Bakan Yardımcısı Ceylan: “Basınımız da Bu Sınavdan Başarıyla Geçti”

Çevre ve Şehircilik Bakan Yardımcısı Mehmet Ceylan, Fetullahçı Terör Örgütü'nün (FETÖ) darbe girişimine ilişkin, "Basın bu hainlerin karşısında dimdik durdu. Demokrasinin yanında çok önemli bir sınav verdi. Çok şükür ki basınımız da bu sınavdan başarıyla geçti" dedi. FETÖ darbe girişimine tepki göstermek amacıyla Karabük Kent Meydanı'nda toplanan vatandaşlara hitap eden Ceylan, 15 Temmuz'da milli iradeye sekte vurulmaya çalışıldığını, hainlerin darbe girişimini halkın sağduyusunun engellediğini söyledi. 15 Temmuz'un bundan sonra demokrasi bayramı olarak kutlanacağını ifade eden Ceylan, "Bu darbe girişimin ardından çıkartılacak çok dersler var. 15 Temmuz'da gösterilen kahramanlık destanı bizlere çok önemli sonuçlar doğurdu.
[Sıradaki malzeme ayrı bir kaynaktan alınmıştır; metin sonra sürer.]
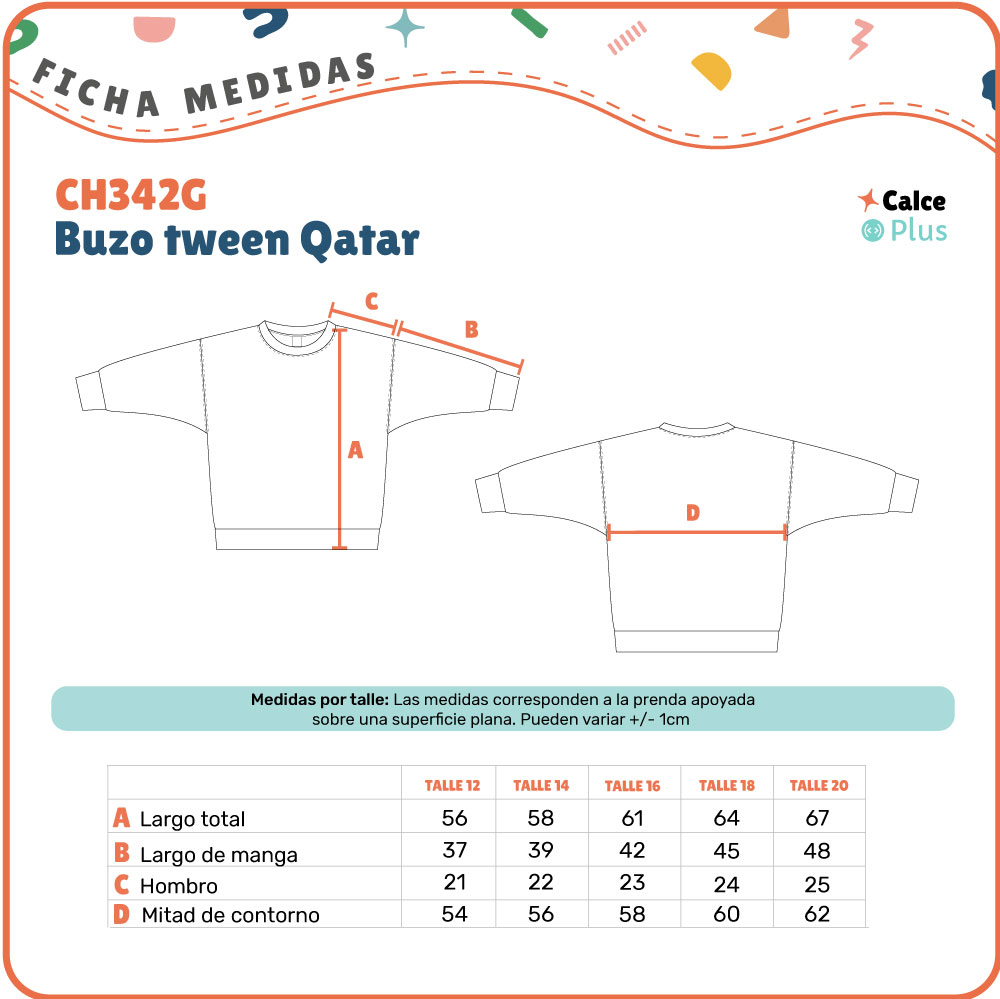 Nuestro buzo Qatar para preadolescentes está confeccionado en frisa. Su estampa lateral le suma un toque canchero y moderno, mientras que los puños y el cuello de ribb garantizan comodidad y un calce perfecto.
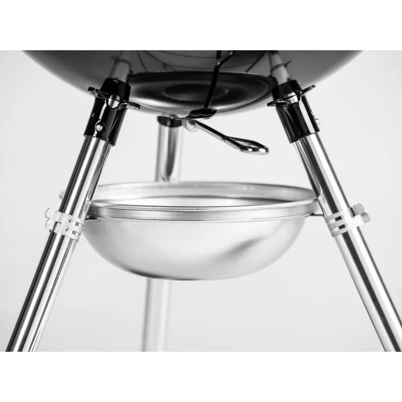 Система очистки в одно касание обеспечивает легкий уход и обслуживание. Это относится к стальной решетке с покрытием и практичному поддону для пепла, который легко снимается для опорожнения. Крышка и поднос имеют ручку из дюропласта, поэтому нет риска ожога, даже когда они горячие. Благодаря большим всепогодным колесам шар-гриль высотой 97 см можно легко перемещать. Приставных столиков нет, но есть крючки для посуды и инструмента.
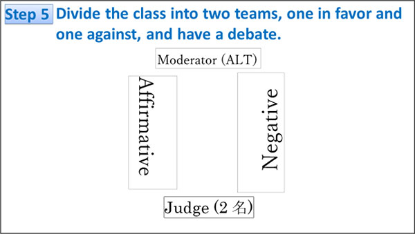 この時には,Moderator(司会者)役としてALTの協力を得て行うと英語を使用する必然性が増し,さらに盛り上がる。また,生徒2名にJudgeをさせ,最後の勝敗の発表と簡単なコメントを言わせると良いだろう(図6)。

Milletimiz, vatandaşımız 7'den 70'e kenetlendi. Hangi siyasi görüşten olursa olsun, hangi partiden hangi zihniyetten olursa olsun kenetlendi. Ülkesi için, istikbali, istiklali için milli iradesine, ülkesine sahip çıkmak adına kenetlendi. Hepsine teşekkür ediyoruz." diye konuştu. Milli iradeye canı pahasına sahip çıkan güvenlik güçlerine de teşekkür eden Ceylan, "Birliktelik gösteren bütün siyasi partilere de teşekkür ediyoruz. Basın bu hainlerin karşısında dimdik durdu. Demokrasinin yanında çok önemli bir sınav verdi. Çok şükür ki basınımız da bu sınavdan başarıyla geçti. Onlara da sonsuz teşekkürlerimizi sunuyoruz." sözlerine yer verdi. Karabük Valisi Mehmet Aktaş, AK Parti Karabük Milletvekili Burhanettin Uysal, Garnizon Komutanı Jandarma Albay Cihan Ulukaya, Karabük Üniversitesi Rektörü Prof. Dr. Refik Polat, Emniyet Müdürü Serhat Tezsever, Eskipazar Belediye Başkanı Dursun Baş, AK Parti Karabük İl Başkanı Timurçin Saylar, sivil toplum örgütü başkanları da meydanda vatandaşlarla bir araya geldi. İl Müftüsü Halil Bektaş'ın akşam ve yatsı namazlarını kıldırdığı meydanda, Kur'an-ı Kerim ve ilahiler okundu.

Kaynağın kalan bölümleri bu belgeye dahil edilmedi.